Эмма моргает. Затем говорит:
— Да… — она снова откидывается на спинку кресла, как будто машина с паникой ездит и по её позвоночнику тоже. Она вздыхает и потирает руками лицо. — Теперь — когда ты об этом заговорила — да.
Она выглядит… как будто сбросила с плеч тяжкий груз.
Что-то горячее бурлит у Джейн в животе. Её щёки горят, несмотря на ледяные, трясущиеся пальцы. В глазах собираются слёзы, превращая Эмму в экспрессионистический портрет женщины со светлыми волосами в синей майке.
— Что с ним? Это серьёзно? Он поправится? Это рак?
Размытая Эмма смотрит вниз, на свои руки, и не отвечает.

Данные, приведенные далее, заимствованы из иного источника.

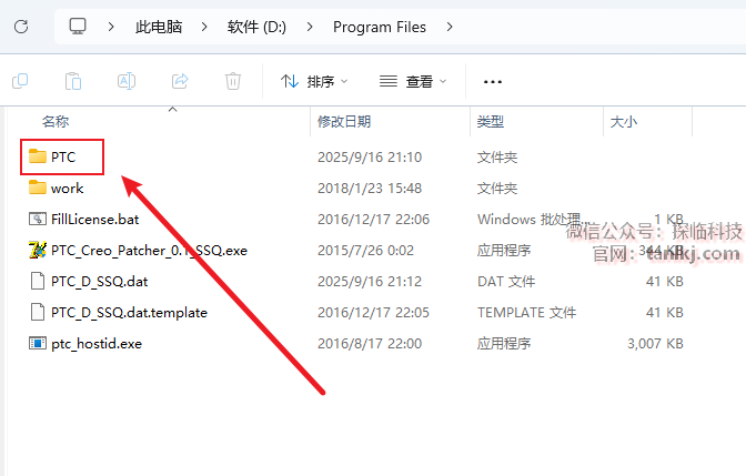 回到生成文件【PTC_D_SSQ】的文件夹中,双击打开文件夹【PTC】。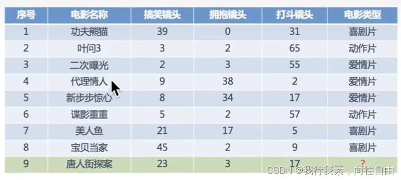 其中?号电影不知道类别,如何去预测?我们可以利用KNN算法的思想:
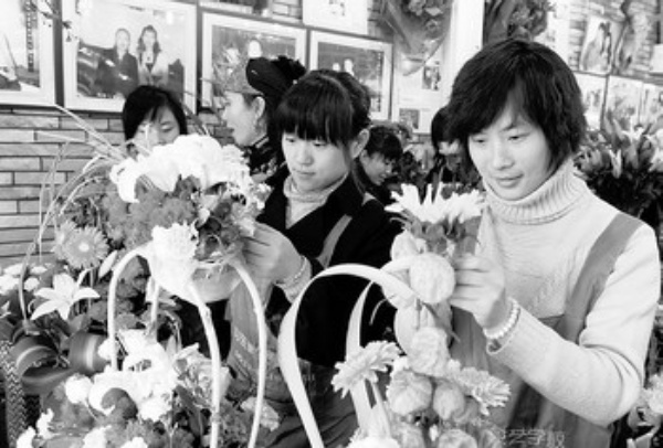 面对大学生就业难的局面,山东一些应届大学毕业生做好自主创业的准备,仅在山东轻工学院就有近十位女生准备自己开花店,为此她们特意来到花艺职业培训学校参加花艺培训。新华社记者 范长国摄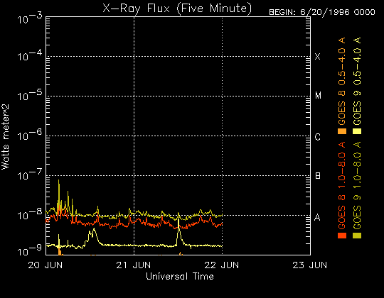 De operationele data in de bovenstaande grafiek werd aangepast om de schaalfactor te verwijderen die werd toegepast door het Space Weather Prediction Center (SWPC). Vanwege de SWPC-schaalfactor in de operationele data werden de zonnevlammen 42% kleiner gerapporteerd dan deze in de wetenschappelijke data. De schaalfactor werd ook verwijderd uit de lijst met zonnevlammen om de werkelijke fysieke eenheden weer te geven.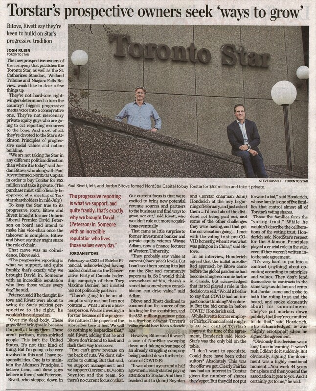 - Rivett, Paul / Bitove, Jordan / Torstar / Niagara Falls Review / NordStar Capital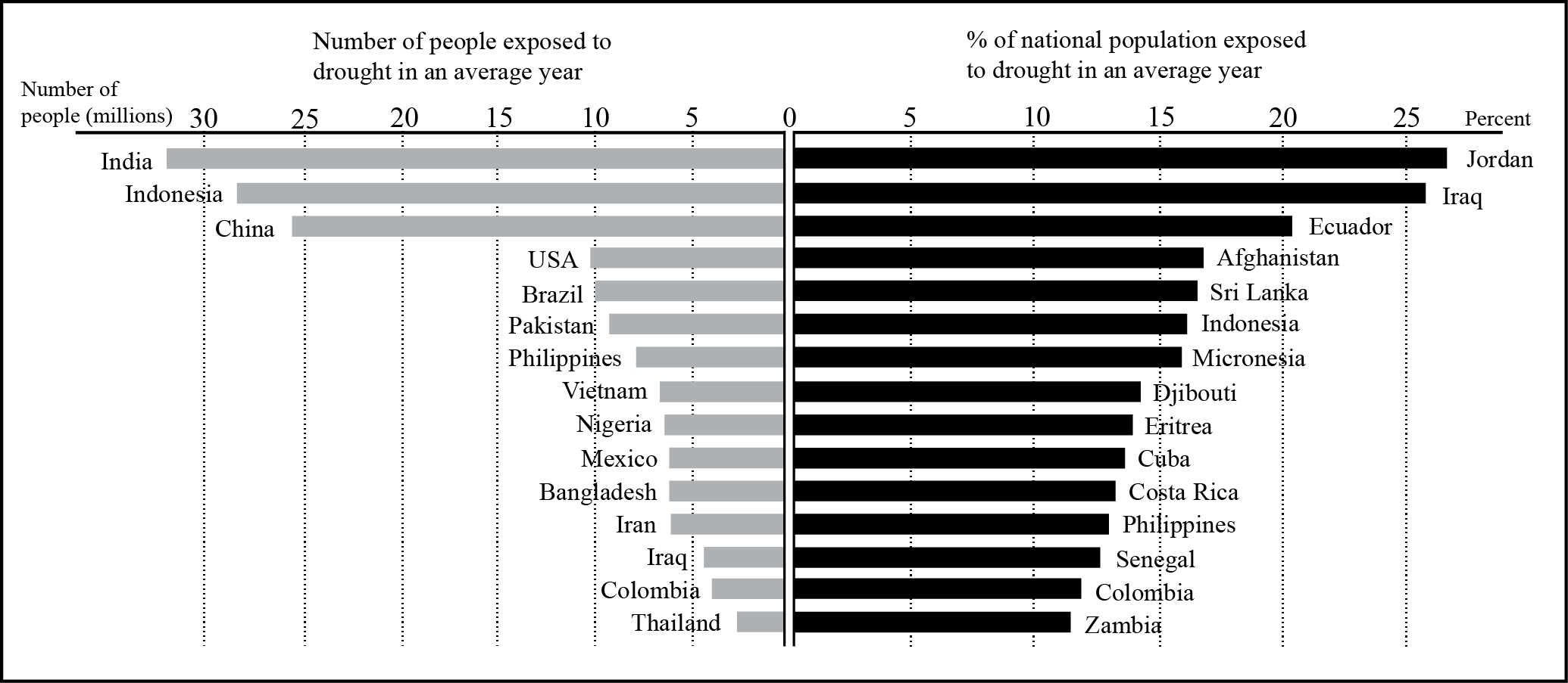 The graph shows the number of people, and the percentage of the total population, exposed to drought in different countries in an average year.
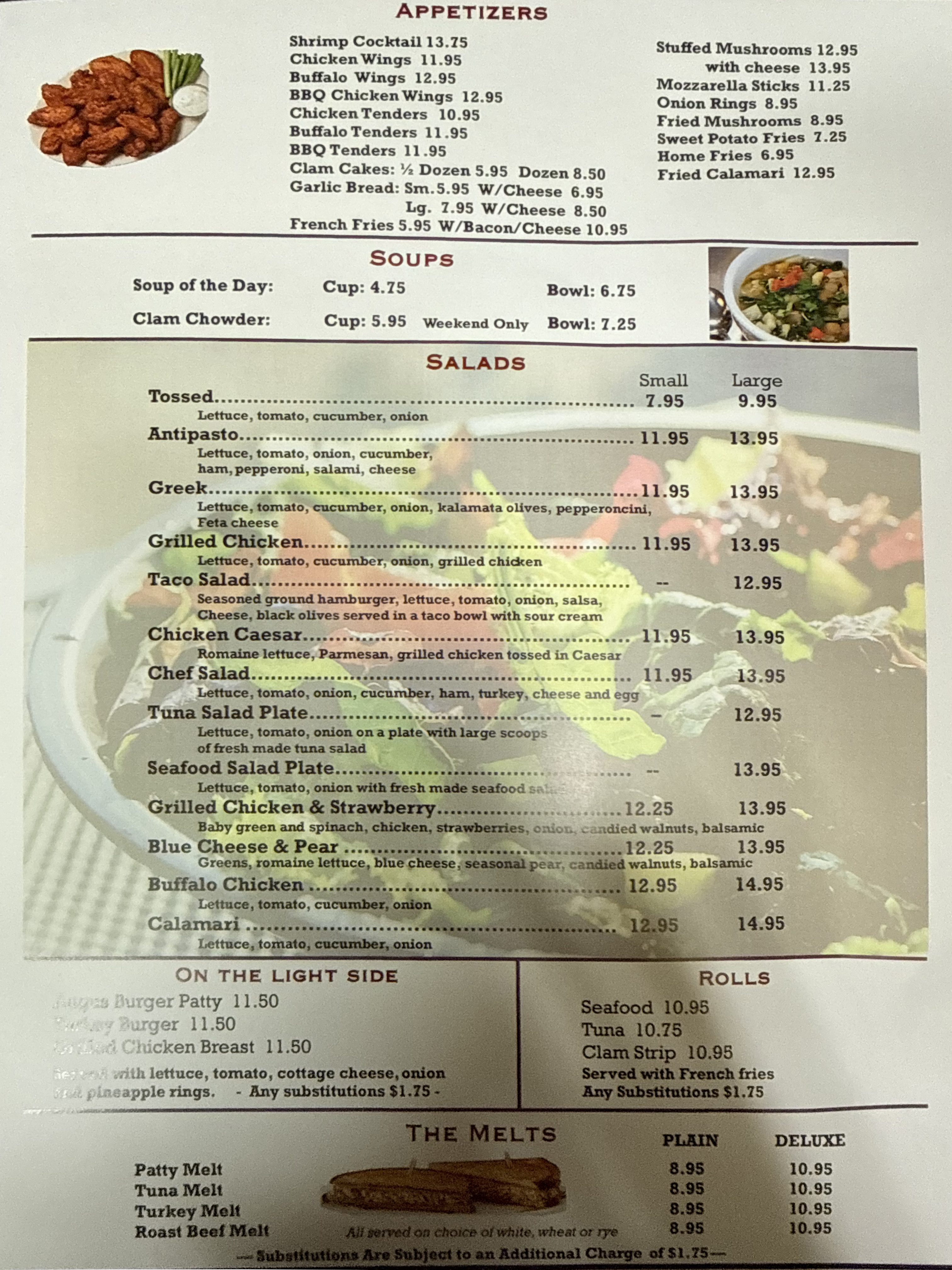 Dine on our great food at home with our take out service. All of our menu items are available for take out 7 days a week.

— Почему он не сказал мне? — Всё ещё нет ответа, и жар, разгоревшийся в животе Джейн, поднимается к горлу. Она гневно смотрит на Эмму. Девочка-подросток, перебирающая секцию графических романов, оборачивается и смотрит на них. Джейн вытирает слёзы рукавом и пытается понизить голос. — Почему ты мне не сказала?
Эмма поджимает губы.
— Ты помнишь этот момент в «Отверженных», ближе к концу?
— О чём ты?
— Просто выслушай меня.
— Эмма, какого черта…
— Поверь мне.
— Как я могу? Если ты скрывала это от меня кто знает сколько времени?..
— Ты можешь просто выслушать? — В этот раз оборачивается не только девочка из секции графических романов. Эмма делает глубокий вдох и поднимает руки. — Послушай, я обещаю, что на все свои вопросы ты получишь ответы. Просто… позволь сделать это по-моему, ладно? Я прочитала почти всю эту дурацкую книгу ради того, чтобы помочь тебе.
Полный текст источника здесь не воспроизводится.